As services began to be introduced, they too were mostly gratis.  Newsgroups (discussion forums), public email such as Hotmail, the early search engine Archie (1990), IRC (early messaging service), Mbone for video streaming (1992), etc.

Blogs (1994) began a new media form, books were downloadable from project Gutenberg, eZines (online magazines) abound, all complimentary.  The publishing sector was in the early stage of being transformed.

Free seem to underlie the foundation of the early internet.  Perhaps this early history had a role in developing the culture of ‘free’.

Dot.com run-up

Netscape was the first high profile company that used free by giving away its Navigator browser (1995). It caused a stir.

Then Yahoo (1996) with news content, Hotmail (1996) for email, Craiglist (1996) for classified advertisements (except recruitment), Google’s search (1998), etc.

Napster (1999) did it for music and to me, the creators were truly innovative.  Not only did it eventually re-price, perhaps right-price music, it birthed the sharing economy.  Music shouldn’t be free but it ought to be cheaper now that the internet is used for distribution. Their peer-to-peer model used the direct model of the internet to do this by cutting through middlemen and removing traditional distribution costs.  The p2p model is now reinventing industries, a massive opportunity.  See http://internetbusinessmodelasia.blogspot.com/2013/11/the-peer-to-peer-business-model-part-i.html

These are a few pioneering commercial entities that continued with ‘free’,  the beginnings of ‘free’ as a business model.  ‘Free’ made them.  They also made free what it is today.  Ask them if free have value?

Some use ‘free’ strategically

Dropbox, the free cloud storage provider uses ‘free’ strategically and succeeded in building up market share.  Facebook, Weibo, LinkedIn, Twitter, Instagram, Pinterest trade ‘free’ use for data, making them.  Others like WhatsApp, WeChat, Zynga use free for market share.  ‘Free’ helped YouTube transform tv. Yelp, Quora, Evernote, Spotify, Flickr business model seem to be based on ‘free’.

Would Android phones be so pervasive if not for Google’s game plan to give it away?

The net is famously full of free stuff so much so that it has entered the consciousness of consumers  and  expectation so perhaps this is one reason these firms use ‘free’ but whatever, ‘free’ has entered the lexicon of business.

They are mostly tech firms.

But actually non-tech firms, conspicuously, have also been using ‘free’

Local Motors Inc (US) open source their car designs so others can improve them.  BMW released a digital design kit for its GPS for anyone to design telematic features of cars.  Gratis R&D!

CAMBRIA, an Australian biotech institute makes available their results to scientists.

‘Liter of light’, a social enterprise put the design of its cheap ‘light’ (light up homes in slums with a litre bottle filled with water) in the public domain to help it spread.

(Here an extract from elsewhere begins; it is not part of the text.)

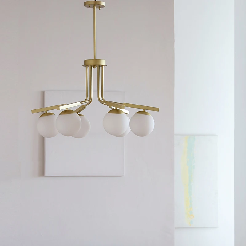 Стеклянная люстра для гостиной, Скандинавская лампа из меди и железа для спальни, современная и простая Роскошная быстрая

TED created a free license for others to host local conferences, called TEDx.  Now TEDx events are held every day somewhere in the world.  These events add lustre to the main conference rather than dilute them.  This made the TED name a global brand at no cost.

The open source model is used by software firms for marketing, sales and R&D.  It’s about global reach at no cost with free software.  What is the traditional cost to do this; foreign offices, staff, risks, marketing budget?

The Guardian newspaper in Britain encourages public access to a data source of their articles through an engagement platform.  This enhances its content, inputting new ideas and no doubt strengthen customer relationship.  This taps into outside creativity.  It is using ‘free’ in business development.

Free has little friction

And so it can be a powerful tool for business development.

‘Free’ is being used today for market surveys, marketing, sales, design, science, product development, service development, community development, social development, R&D.  It has been used to build brands and for global sales. It is one way to attempt the network effect to scale up an opportunity fast.

The freer it is, the faster it spreads. 

More conventional companies ought to look into it.  After all, it’s free!